[EXERCISE INSTRUCTIONS]
Pictures excluded, retype the lines from the one containing "Dlhé spoločenské šaty" through the last line of the data below, both included.

[DATA SEGMENT]
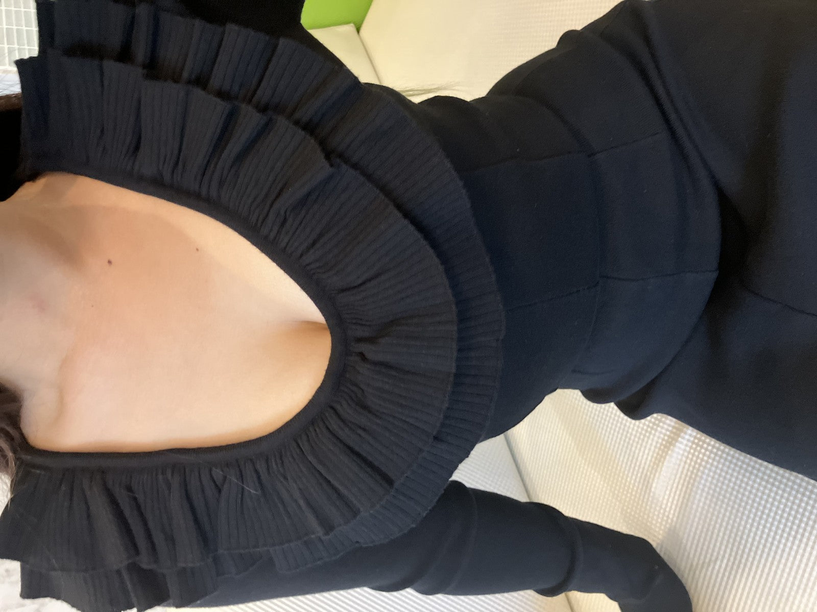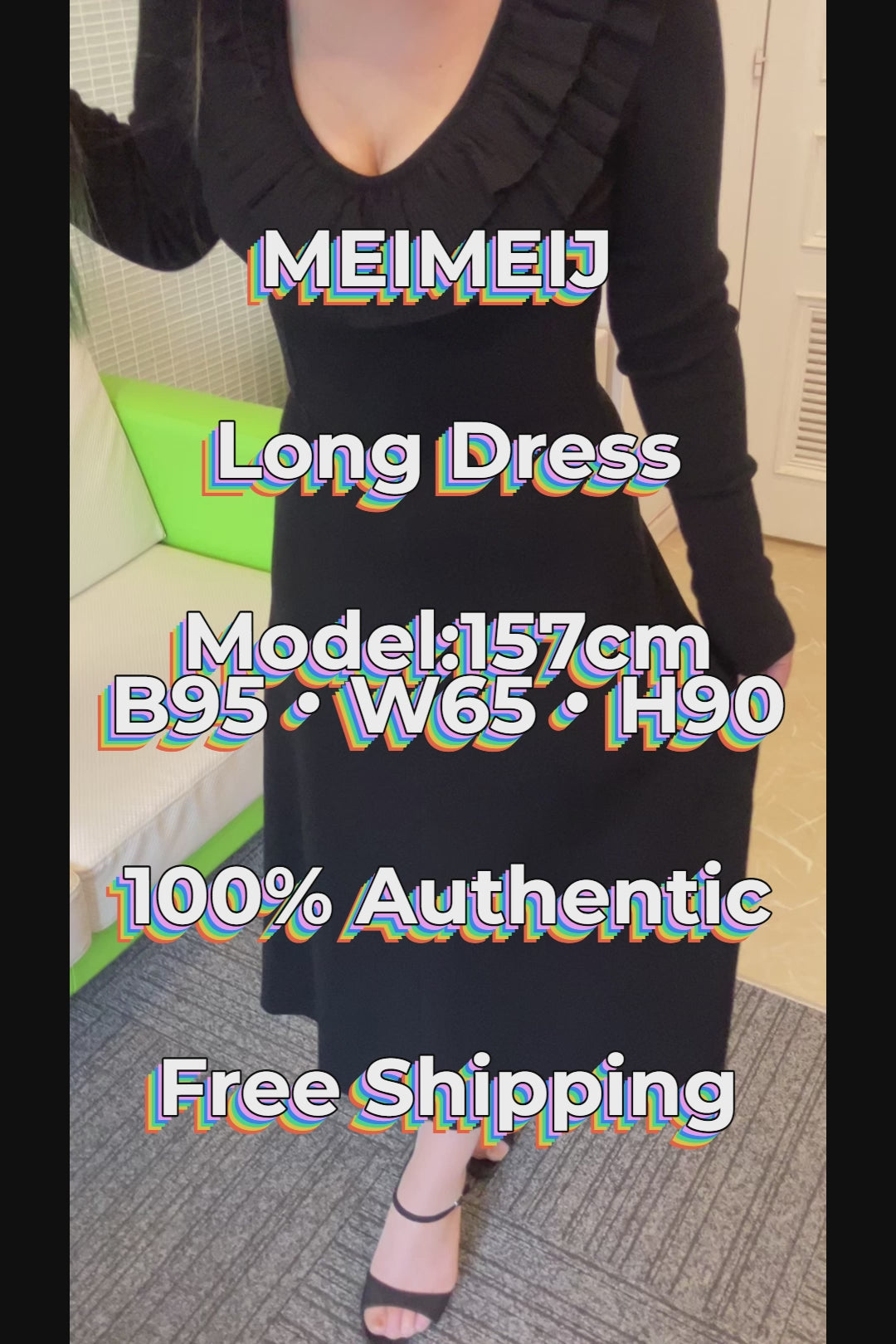 MEIMEIJ Long Black Dress TG36 Made in Italy 窶・Elegant Ruffle Neckline 窶・Stretch Comfort 窶・
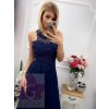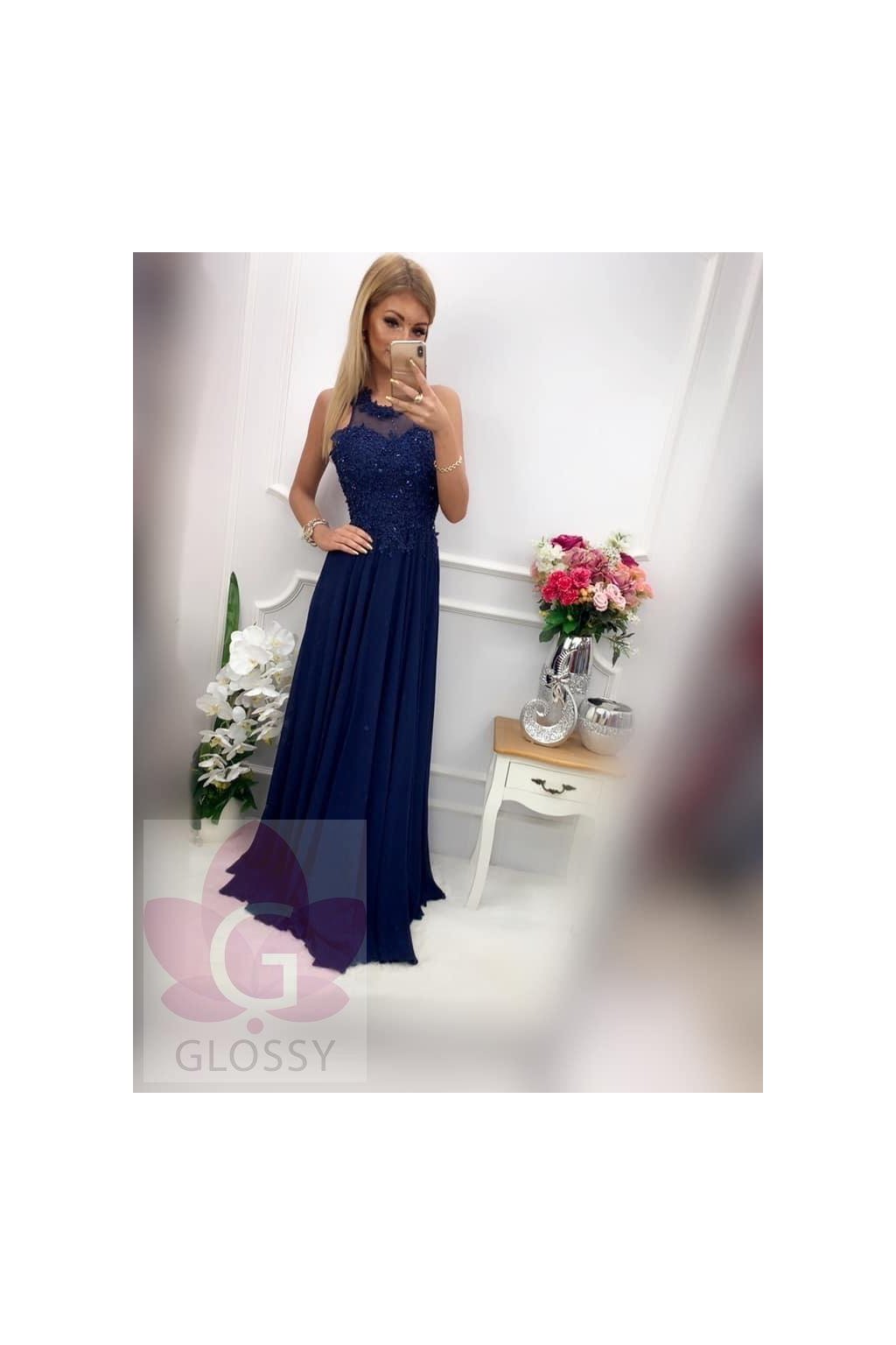 Dlhé spoločenské šaty zdobené krajkou a kamienkami z Vás urobia kráľovnú. Vrch šiat je z tylu, na ktorom je vyšívaná čipka doplnená kamienkami. Šaty sú na prsiach vystužené, čo oceníte najmä preto, že šaty odhaľujú chrbát. Ľahučká sukňa je dlhá, padavá a má spodnicu. Zapínanie na chrbte pomocou zipsu.
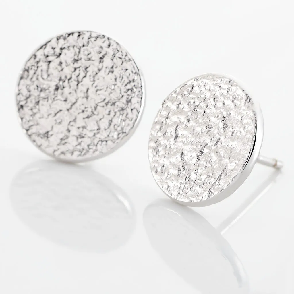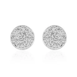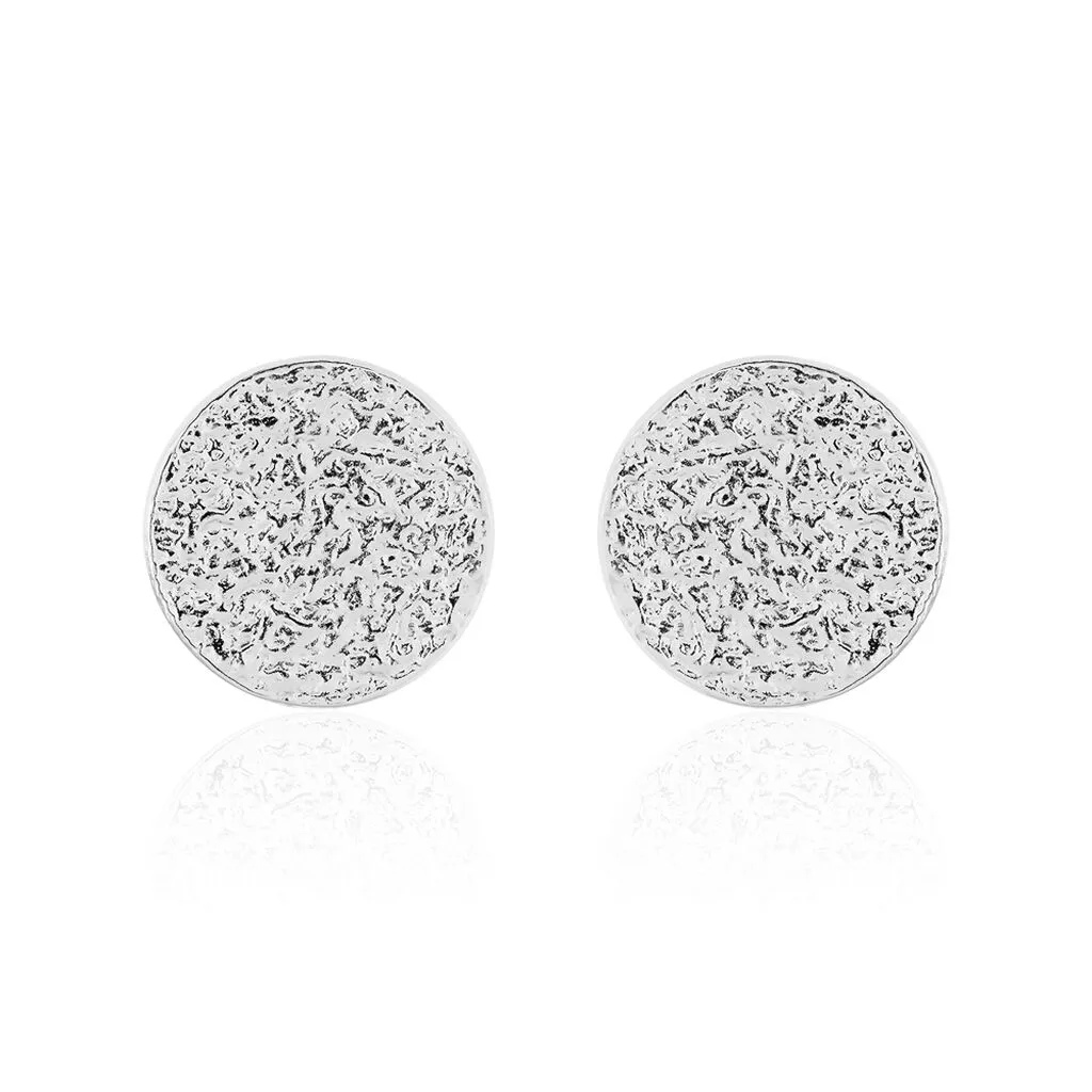 Boucles D’oreilles Puces Argent Blanc 925/1000 Pastilles Effet Martele

[ANSWER]
 Dlhé spoločenské šaty zdobené krajkou a kamienkami z Vás urobia kráľovnú. Vrch šiat je z tylu, na ktorom je vyšívaná čipka doplnená kamienkami. Šaty sú na prsiach vystužené, čo oceníte najmä preto, že šaty odhaľujú chrbát. Ľahučká sukňa je dlhá, padavá a má spodnicu. Zapínanie na chrbte pomocou zipsu.
 Boucles D’oreilles Puces Argent Blanc 925/1000 Pastilles Effet Martele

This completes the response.